Владимир сидел в седле, опустив поводья и мерно, подчиняясь неторопливой и машистой иноходи белого жеребца, покачивался. Небо поутру синее, даже глубинно-синее, куда ни кинешь взгляд, ни единого облачка, и это нагоняло на юного князя тихую, саму в себе, стороннему глазу неприметную тоску. Впрочем, скоро она ослабла, стала не так остра и болезненна, это когда от передовой сторожи донеслись до Владимира веселые возгласы, потом крики одобрения, и уж много позже, когда меж дружинных отроков поутихло, взнялись сначала негромкие и как бы теснящиеся друг подле друга, но с каждым мгновением все более набирающие силу песенные слова. Было в этих словах столько грусти и вместе какого-то светлого и ясного торжества человеческого духа, что у Владимира на сердце защемило, и он погнал коня вперед, и тот, словно бы даже обидевшись, рванул с места и вынес юного князя на зеленую поляну. Тут близ разлапистого дерева толпились отроки, опустив мечи на землю, и с трепетом, которого нельзя не заметить в лицах хотя уже и огрубелых, но без той холодности, что так отличает бывалых воинов, слушали слепого сказителя. Будимир сидел на жесткой траве, чуть ссутулившись, и смотрел перед собой изжелта-темными невидящими глазами. У Владимира, когда он подъехал и внимательно вгляделся в сказителя, возникло ощущение, что тот прозревает неближнее, в глубине минувшего затерянное, и потому не мучается своей слепотой. Там он оставил лучшее, что было у него в жизни, и ничего другого ему не надо, как не надо видеть землю, по которой он ходит об руку с мальчиком — поводырем. И да воссияет и в их сердцах!
Старый певец держал в руках гусли и перебирал тонкими подрагивающими пальцами слабо и влажно поблескивающие струны. Но делал это нечасто, а лишь в те поры, когда голос, поднявшись высоко, так высоко, что было странно, как еще не оборвался и продолжает колебать устоялый душный воздух, точно бы зависал на этой высоте, замерев.
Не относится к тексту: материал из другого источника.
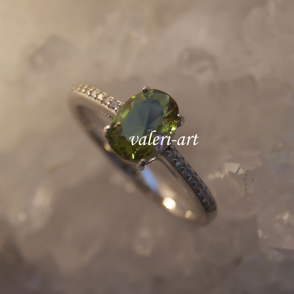 Серебряное кольцо с султанитом г/т. Роскошное кольцо. Очень эффектное, очень яркое украшение из родированного серебра и султанита г/т. Камень меняет свой цвет в зависимости от освещения. Камень то зеленый, то медово-горчичный, то фиолетовый. Идеальный подарок! Способность султанита менять цвет – его главная прелесть и загадка. Известно о таких же свойствах аметиста и александрита, но у нашего камня более разнообразная гамма оттенков. При тусклом освещении или в пасмурный день он зеленый, словно молодая трава. При свете поярче он приобретает коричневые, янтарные, желтые оттенки.

Сказитель дотрагивался до струн и совсем не звонкая и пронзительная, но какая-то приглушенная, словно бы робеющая чего-то мелодия поднималась вослед голосу старого певца и… настигала, и уже не казалась слабой и стесненной, скорее, мягкой и все про свое назначение понимающей. Владимиру она чудилась живой, благость вокруг сеющей, эта благость отмечалась не только в воздухе, отчего он уже не был неколеблемо устоялый и душный, а во всем близ юного князя легшем, даже в малой желтой травинке, не умеющей вскинуться над землей, и в усохшем дубе с омертвелыми ветвями, хотя и тускло, и бледно.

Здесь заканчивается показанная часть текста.